Paige Morse, sustainability and strategy expert for process industries at Aspen Technology, joined that company as director of industry marketing focused on AspenTech’s chemicals and energy businesses. AspenTech is a provider of software and services for the process industries born of a joint project of the Massachusetts Institute of Technology (MIT) and the US Department of Energy. In August 2021, she was appointed the company’s sustainability lead.

“This new role was created with a sustainability focus just this summer,” Morse says. “I think we’ve seen how important sustainability is.”

AspenTech is driving the use of simulation and digital twins for sustainability. Early on, she says, it was using simulation to help customers look at various options, like different ways to approach a particular chemical process. What if the process takes place at a different temperature or a different separation technique is applied?
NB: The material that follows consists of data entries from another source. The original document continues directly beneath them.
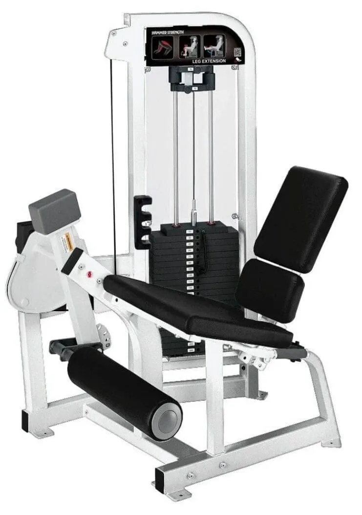 The Hammer Strength Select Leg Extension is a fundamental part of the strength training progression. All adjustments are accessible from the seated position, and the adjustable start position provides five different starting points.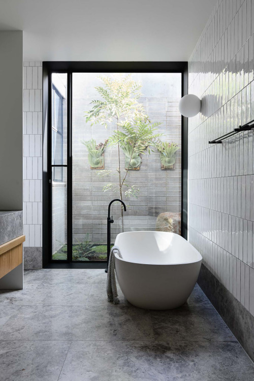 White Freestanding Tub with Large Hexagon Bathroom Floor Tiles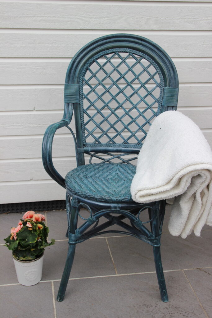 I dag har jeg vært på loppemarked, og det er jo en veldig artig årlig forteelse. Som vanlig kom jeg hjem med både det ene og det andre som jeg sikkert ikke trenger, men som er kjekt å ha likevel. De gamle utrangerte kakeformene jeg kjøpte, for eksempel, eller de eldgamle oljemaleriene. Men en ting kjøpte jeg, som jeg helt sikkert kommer til å bruke (tror jeg), og det er den stilige stolen i blå rotting du ser på bildet over. Jeg ser for meg at stolen er fin å sitte i på kveldene utover høsten og vinteren, når de lure tankene skal tenkes. Kanskje med et stearinlys på bordet foran, med en kopp te, eller kanskje med litt vin i glasset?

“Mostly it was focused around cost and profitability,” Morse says. “How can I scale up this process?”

Today, though, customers are increasingly interested in efficiency.

“We used to measure efficiency in dollars or euros,” she says. “But now we’re saying we better look at it in terms of CO2 avoided, waste not made, feedstock that didn’t get lost in the process.”

For years, manufacturing services company Jabil has been pursuing its Factory of the Future initiative. The company operates more than 100 plants in more than 20 countries, and the Factory of the Future initiative seeks to optimize and future-proof those plants. May Yap, senior vice president and global CIO of Jabil, says factory optimization and sustainability go hand-in-hand.

“At the time when we set up the Factory of the Future initiative, we did not actually have a big fancy name for it. We called it IT factory optimization,” Yap says. “Once we can digitalize something in the factory, we can visualize it. When we can visualize it, we can think about how to optimize the processes within the factory.”